On February 23, 25 days post the jury’s verdict in the second E. Jean Carroll defamation trial, lawyers of Donald Trump walked into the courtroom to request for an unsecured stay of the judgment. They explained a strange theory claiming a 3.6:1 ratio of punitive to compensatory damages was excessive under the Second Circuit precedent. Despite this, they confidently predicted that Judge Kaplan would likely overturn the jury’s staggering $83 million verdict during post-trial motions.
Carroll’s legal team has put forth a strong rebuttal to Trump’s claims, emphasizing on the apposite Second Circuit precedent that presents a weighty multi-factor balancing test for evaluating requests for an unsecured stay.

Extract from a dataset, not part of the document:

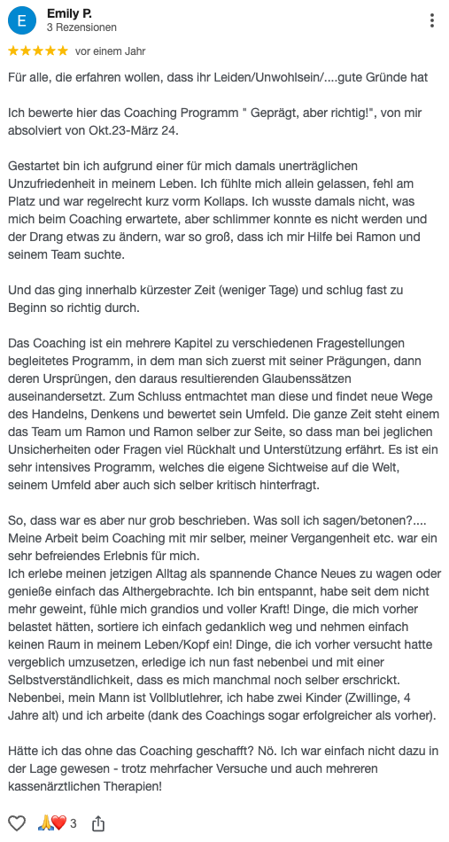 Wenn du dich in einem oder mehreren Punkten wiedererkennst, ist „Geprägt! Aber Richtig“ genau das Richtige für dich – eine Kombination der wirksamsten Bestandteile aus Schematherapie, Glaubenssatzarbeit und Verhaltenstherapie.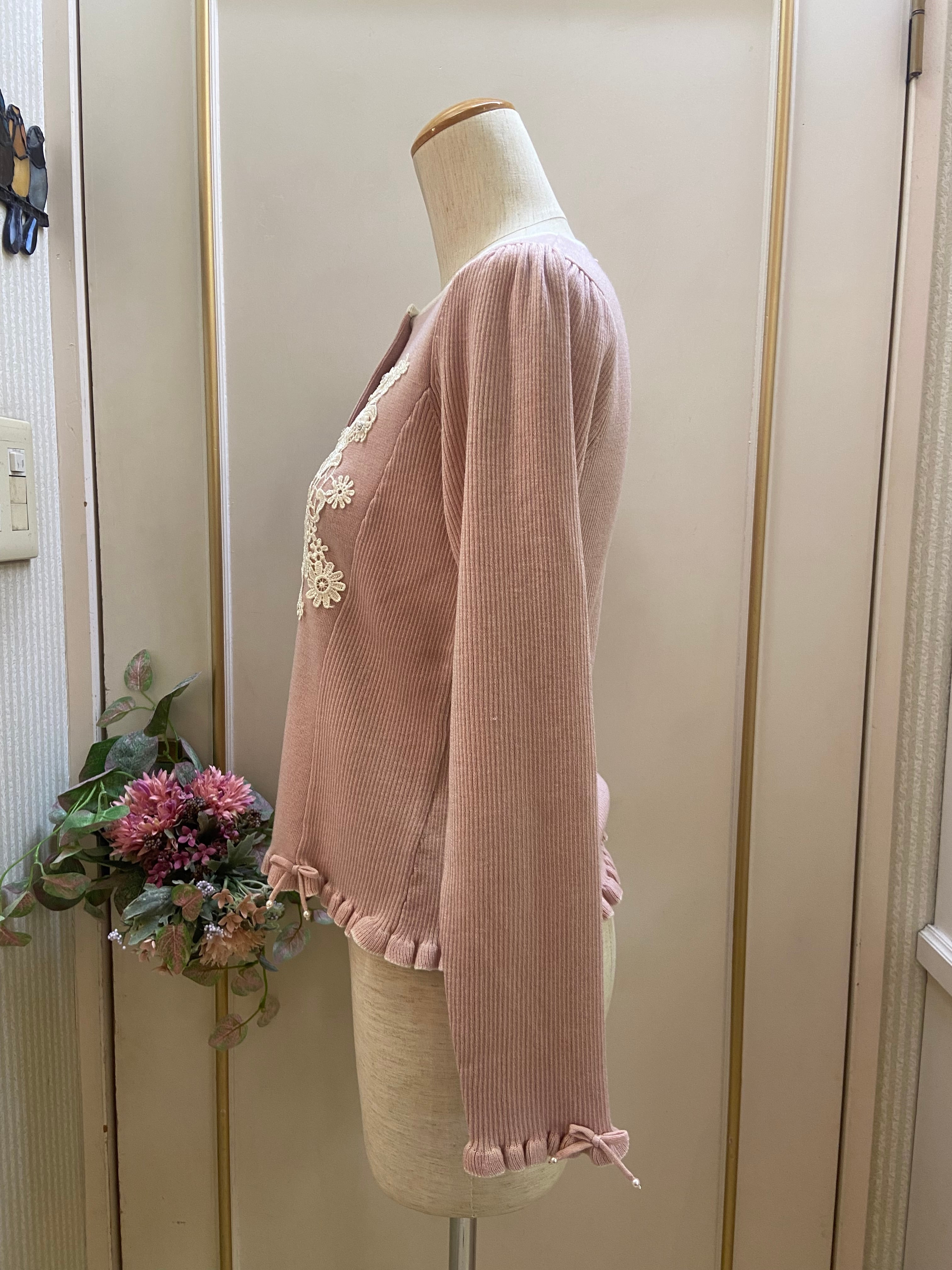 どんな服にも合わせやすく、胸元のお花モチーフが可愛いおすすめの一枚です。

The New York Supreme Court hit Trump with half a billion dollars in disgorgement due to his company’s fraudulent misrepresentations about his net worth. Given this information, the doubt surrounding Trump’s financial circumstances and his habitual lies about wealth, Judge Kaplan might think twice before taking the former President’s word for it.
Alina Habba, Trump’s lawyer, responded on Friday, reiterating the claim that judicial estoppel prevents Carroll from disputing her own evidence of President Trump’s wealth. Nonetheless, no action by the court, or no posting of a $91.6 million bond by the defendant would allow Carroll to begin collecting from March 9. The tone of the minute order implicitly suggests Trump should make immediate preparations for the same.